--- THE DATA ---
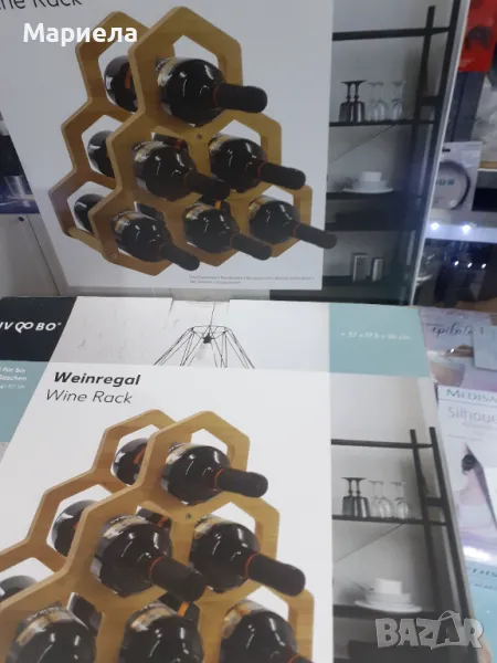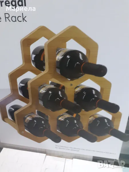 Стелаж за вино, Бамбукова етажерка за 6 бутилки винени, Wine rack → Обява 47854778
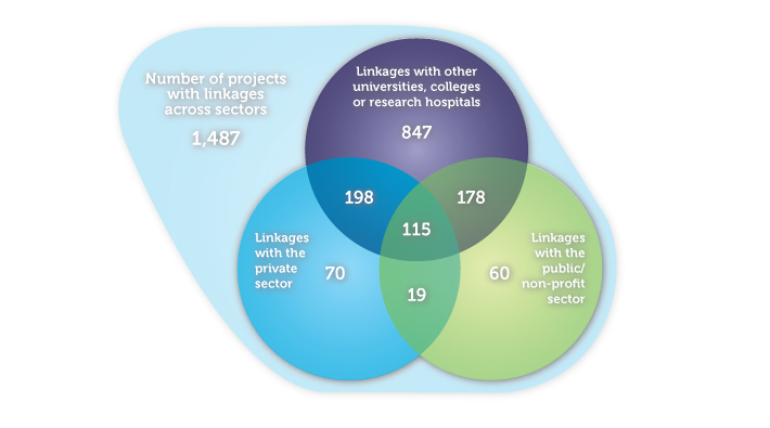 In today’s highly competitive research environment, external research linkages are essential, and research infrastructure acts as a catalyst for the creation and maintenance of those linkages. Of the projects funded by the Canada Foundation for Innovation in 2010-11, 1,487 (or 67 percent of the total) had external linkages. And of those projects, 403 had linkages with the private sector, contributing to the lab-to-market innovation process. Relationships between institutions and the public and non-profit sectors, which were present in 372 projects, help these sectors seek solutions to emerging and future challenges facing society. About a quarter of the projects had linkages with representatives from at least two sectors. Through such linkages, researchers are placed at the heart of knowledge and technology exchanges between sectors, creating a more integrated and efficient research environment.
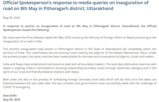 भारतले नेपाल सरकारद्वारा जारी विज्ञप्तिको प्रतिउत्तरमा नेपाल सरकारद्वारा जारी विज्ञप्ति हेरको र पूर्ण रुपमा भारतकै भूमिमा बाटो बनाएको उल्लेख गरेको छ ।
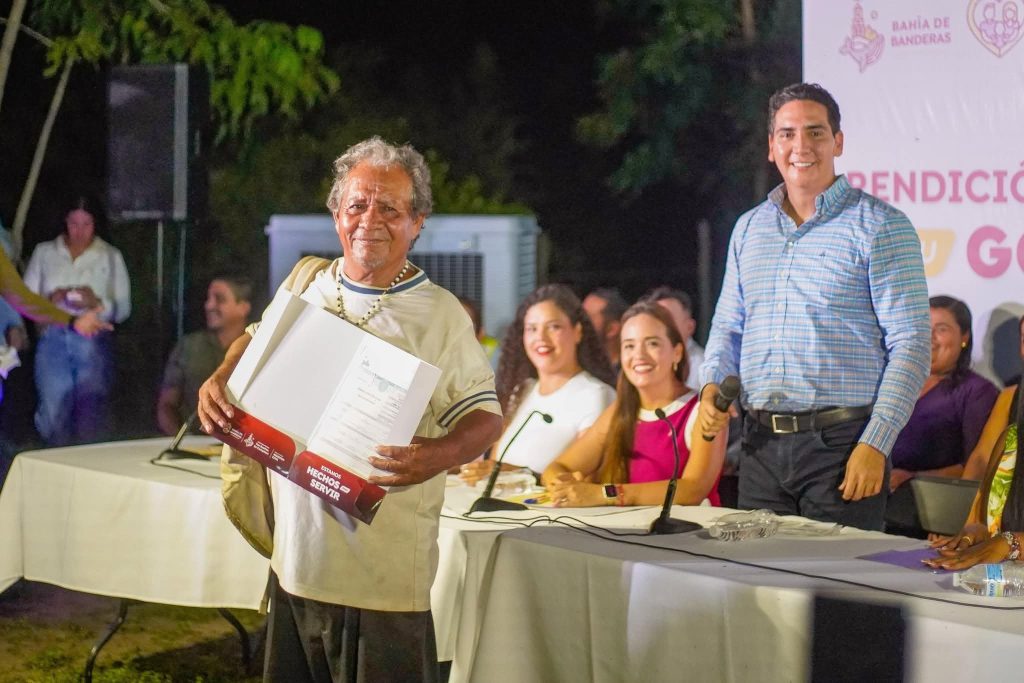 Apoyos a deportistas locales, incluyendo al campeón nacional de lanzamiento de jabalina Said Vargas y al equipo de natación inclusiva.Apoyo económico para el equipo de béisbol de veteranos que representará al municipio en Monclova, Coahuila.Asimismo, el alcalde destacó el trabajo de la Dirección del Registro Civil, que mantiene un récord en la entrega de actas de nacimiento, beneficiando a niños y adultos mayores que carecían de este documento, donde durante la Rendición se le hizo entrega del documento por primera vez, al señor Porfirio Tapia Palomera de 69 años de edad. En la Dirección de Medio Ambiente, se han consolidado acciones que promueven la preservación de los recursos naturales y el cuidado del entorno. Entre las principales estrategias destacan las campañas de limpieza, reforestación, descacharrización y reciclaje, esterilizaciones de animales de compañía, así como el mantenimiento de áreas verdes y la atención a zonas naturales protegidas, acciones que refuerzan la participación ciudadana y fomentan una cultura ambiental responsable, garantizando un municipio más limpio, ordenado y comprometido con la sostenibilidad. A su vez la Dirección de Protección Civil y Bomberos fortaleció sus capacidades operativas, equipo especializado y capacitación permanente del personal, para garantizar una respuesta rápida ante emergencias. Asimismo, se impartieron talleres y simulacros en escuelas, empresas y comunidades, promoviendo la prevención y la autoprotección como herramientas esenciales para reducir riesgos.El alcalde reconoció la labor del cuerpo de bomberos y rescatistas, quienes comentó “son un orgullo municipal por su valentía, compromiso y vocación de servicio”. En la Dirección de Desarrollo y Bienestar Social, se fortalecieron los programas de apoyo a familias en situación vulnerable, entregando ayudas alimentarias, becas educativas, apoyos a personas con discapacidad y adultos mayores, además de acciones comunitarias en materia deportiva y cultural. De igual manera se dio a conocer el programa de la segunda edición del Festival de Día de Muertos qué en esta ocasión contará con tres sedes, San Francisco, Sayulita y Bucerías.
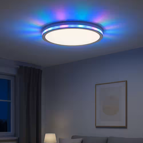 Vlakke LED plafondlampen met RGB-kleurwisselaars creëren een lichtsfeer die zich aanpast aan het moment. Kies tussen rustig blauw, levendig rood of creatief violet. Handige bediening via app of afstandsbediening.
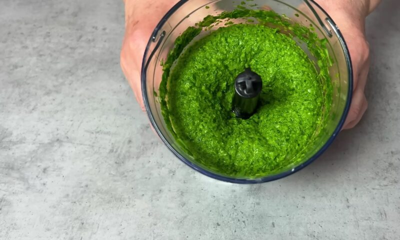 Susmulkinkite laiškinius svogūnus, šviežią česnaką ir petražoles. Jei norite, įdėkite krapų ir salierų, kurie suteiks dar sodresnį skonį žaliajam padažui. Sutrinkite susmulkintas žoleles trintuvu.
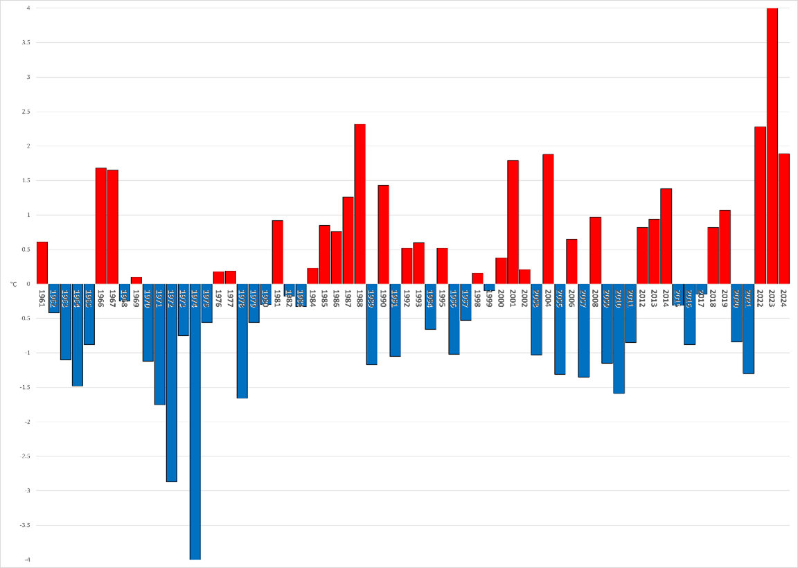 Andamento anomalia della temperatura media regionale del mese di ottobre dal 1961 rispetto alla media 1991-2020 (°C). Con il 2024 siamo giunti al terzo anno consecutivo in cui il mese di ottobre è stato più caldo del normale (l’ultimo più freddo, ottobre 2021, -1,3°C rispetto al 1991-2020).
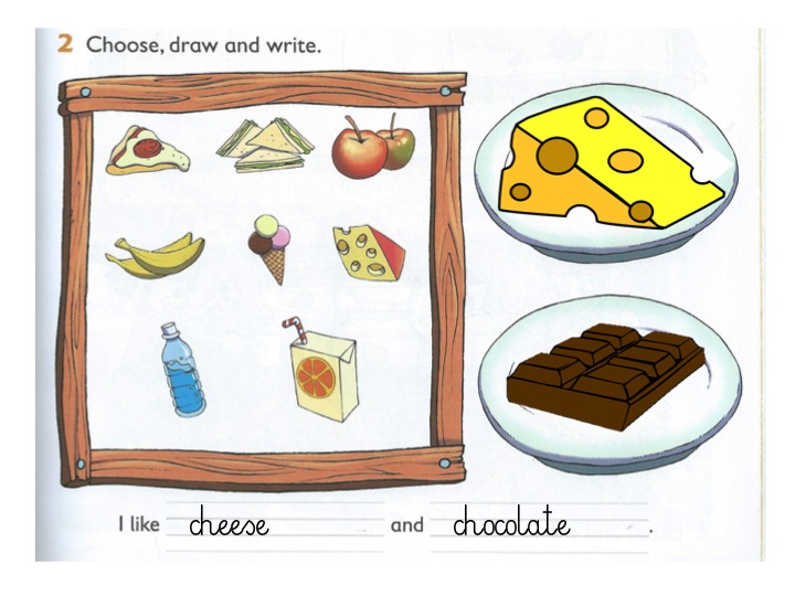 Wracamy do tego co lubimy. Mając na tablicy karty wyrazowe i obrazkowe stawiam kreski przy dwóch najbardziej lubianych przeze mnie produktach (ser i czekolada) i modeluję zdanie: I like cheese and chocolate, a na stole kładę te dwa produkty na osobnych talerzykach. Proszę jedno, a potem kolejne dziecko żeby podeszło do tablicy i powiedziało mi jakie dwie rzeczy lubią najbardziej i przy tych też stawiam kreski. W związku z tym, że na tym etapie każdy już chce przyjść do tablicy mówię im, że zanim to zrobią muszą w zadaniu 2 (podręcznik str. 59) narysować te właśnie rzeczy na talerzykach i uzupełnić zdanie I like … and … . Mój własny przykład zostawiam na tablicy.
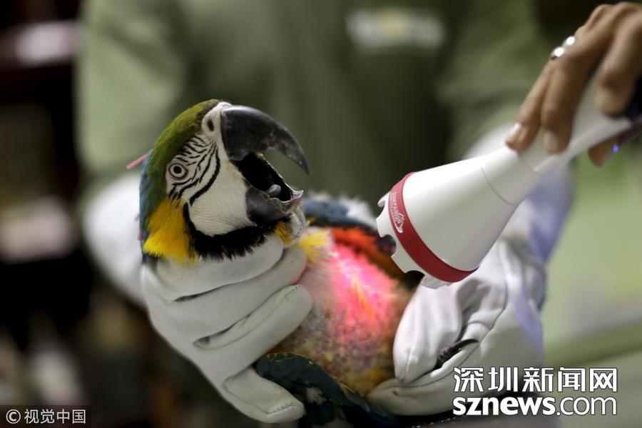 當?shù)貢r間2015年7月30日,巴西巴西利亞,一只藍喉金剛鸚鵡正在接受激光治療。
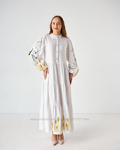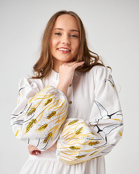 Подробное описание: Вишита жіноча сукня Ластівки біла
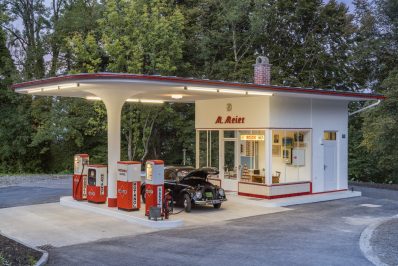 Seither stand das Gebäude unverändert an der heutigen B 305 und wartete auf eine neue Bestimmung. Erst im Herbst 2019 kam Bewegung in die Sache, denn die Tankstelle sollte einer neuen Ortsgestaltung weichen. Das Freilichtmuseum Glentleiten rettete das Gebäude kurz vor dem Abriss und kann nun mit einer neuen, in Bayerns Freilichtmuseen bislang einzigartigen Attraktion aufwarten. Für Museumsleiterin Dr. Monika Kania-Schütz ist die Tankstelle ein ganz besonderer Neuzugang, denn, „die Tankstelle ist ein Schlüsselobjekt der Mobilitätsgeschichte, die gerade in einem rasanten Wandel begriffen ist. Als zentrales oberbayerisches Freilichtmuseum zeigen wir den Wandel auf dem Land. Und da gibt es zahlreiche Bezugspunkte zu diesem Denkmal wirtschaftlichen und gesellschaftlichen Wandels, angefangen von der sich verändernden Arbeitswelt über die Freizeitkultur bis hin zum Einzug moderner Baumaterialien Beton und Glas. Ich freue mich besonders, dass wir zeitgleich zur Eröffnung eine reich bebilderte Publikation vorlegen konnten, die das neue Architekturexponat unterhaltsam in Zusammenhänge stellt.“
---
## PROBLEM REQUIREMENTS
Retype the records above exactly. Leave the pictures out.

## RESPONSE
 Стелаж за вино, Бамбукова етажерка за 6 бутилки винени, Wine rack → Обява 47854778
 In today’s highly competitive research environment, external research linkages are essential, and research infrastructure acts as a catalyst for the creation and maintenance of those linkages. Of the projects funded by the Canada Foundation for Innovation in 2010-11, 1,487 (or 67 percent of the total) had external linkages. And of those projects, 403 had linkages with the private sector, contributing to the lab-to-market innovation process. Relationships between institutions and the public and non-profit sectors, which were present in 372 projects, help these sectors seek solutions to emerging and future challenges facing society. About a quarter of the projects had linkages with representatives from at least two sectors. Through such linkages, researchers are placed at the heart of knowledge and technology exchanges between sectors, creating a more integrated and efficient research environment.
 भारतले नेपाल सरकारद्वारा जारी विज्ञप्तिको प्रतिउत्तरमा नेपाल सरकारद्वारा जारी विज्ञप्ति हेरको र पूर्ण रुपमा भारतकै भूमिमा बाटो बनाएको उल्लेख गरेको छ ।
 Apoyos a deportistas locales, incluyendo al campeón nacional de lanzamiento de jabalina Said Vargas y al equipo de natación inclusiva.Apoyo económico para el equipo de béisbol de veteranos que representará al municipio en Monclova, Coahuila.Asimismo, el alcalde destacó el trabajo de la Dirección del Registro Civil, que mantiene un récord en la entrega de actas de nacimiento, beneficiando a niños y adultos mayores que carecían de este documento, donde durante la Rendición se le hizo entrega del documento por primera vez, al señor Porfirio Tapia Palomera de 69 años de edad. En la Dirección de Medio Ambiente, se han consolidado acciones que promueven la preservación de los recursos naturales y el cuidado del entorno. Entre las principales estrategias destacan las campañas de limpieza, reforestación, descacharrización y reciclaje, esterilizaciones de animales de compañía, así como el mantenimiento de áreas verdes y la atención a zonas naturales protegidas, acciones que refuerzan la participación ciudadana y fomentan una cultura ambiental responsable, garantizando un municipio más limpio, ordenado y comprometido con la sostenibilidad. A su vez la Dirección de Protección Civil y Bomberos fortaleció sus capacidades operativas, equipo especializado y capacitación permanente del personal, para garantizar una respuesta rápida ante emergencias. Asimismo, se impartieron talleres y simulacros en escuelas, empresas y comunidades, promoviendo la prevención y la autoprotección como herramientas esenciales para reducir riesgos.El alcalde reconoció la labor del cuerpo de bomberos y rescatistas, quienes comentó “son un orgullo municipal por su valentía, compromiso y vocación de servicio”. En la Dirección de Desarrollo y Bienestar Social, se fortalecieron los programas de apoyo a familias en situación vulnerable, entregando ayudas alimentarias, becas educativas, apoyos a personas con discapacidad y adultos mayores, además de acciones comunitarias en materia deportiva y cultural. De igual manera se dio a conocer el programa de la segunda edición del Festival de Día de Muertos qué en esta ocasión contará con tres sedes, San Francisco, Sayulita y Bucerías.
 Vlakke LED plafondlampen met RGB-kleurwisselaars creëren een lichtsfeer die zich aanpast aan het moment. Kies tussen rustig blauw, levendig rood of creatief violet. Handige bediening via app of afstandsbediening.
 Susmulkinkite laiškinius svogūnus, šviežią česnaką ir petražoles. Jei norite, įdėkite krapų ir salierų, kurie suteiks dar sodresnį skonį žaliajam padažui. Sutrinkite susmulkintas žoleles trintuvu.
 Andamento anomalia della temperatura media regionale del mese di ottobre dal 1961 rispetto alla media 1991-2020 (°C). Con il 2024 siamo giunti al terzo anno consecutivo in cui il mese di ottobre è stato più caldo del normale (l’ultimo più freddo, ottobre 2021, -1,3°C rispetto al 1991-2020).
 Wracamy do tego co lubimy. Mając na tablicy karty wyrazowe i obrazkowe stawiam kreski przy dwóch najbardziej lubianych przeze mnie produktach (ser i czekolada) i modeluję zdanie: I like cheese and chocolate, a na stole kładę te dwa produkty na osobnych talerzykach. Proszę jedno, a potem kolejne dziecko żeby podeszło do tablicy i powiedziało mi jakie dwie rzeczy lubią najbardziej i przy tych też stawiam kreski. W związku z tym, że na tym etapie każdy już chce przyjść do tablicy mówię im, że zanim to zrobią muszą w zadaniu 2 (podręcznik str. 59) narysować te właśnie rzeczy na talerzykach i uzupełnić zdanie I like … and … . Mój własny przykład zostawiam na tablicy.
 當?shù)貢r間2015年7月30日,巴西巴西利亞,一只藍喉金剛鸚鵡正在接受激光治療。
 Подробное описание: Вишита жіноча сукня Ластівки біла
 Seither stand das Gebäude unverändert an der heutigen B 305 und wartete auf eine neue Bestimmung. Erst im Herbst 2019 kam Bewegung in die Sache, denn die Tankstelle sollte einer neuen Ortsgestaltung weichen. Das Freilichtmuseum Glentleiten rettete das Gebäude kurz vor dem Abriss und kann nun mit einer neuen, in Bayerns Freilichtmuseen bislang einzigartigen Attraktion aufwarten. Für Museumsleiterin Dr. Monika Kania-Schütz ist die Tankstelle ein ganz besonderer Neuzugang, denn, „die Tankstelle ist ein Schlüsselobjekt der Mobilitätsgeschichte, die gerade in einem rasanten Wandel begriffen ist. Als zentrales oberbayerisches Freilichtmuseum zeigen wir den Wandel auf dem Land. Und da gibt es zahlreiche Bezugspunkte zu diesem Denkmal wirtschaftlichen und gesellschaftlichen Wandels, angefangen von der sich verändernden Arbeitswelt über die Freizeitkultur bis hin zum Einzug moderner Baumaterialien Beton und Glas. Ich freue mich besonders, dass wir zeitgleich zur Eröffnung eine reich bebilderte Publikation vorlegen konnten, die das neue Architekturexponat unterhaltsam in Zusammenhänge stellt.“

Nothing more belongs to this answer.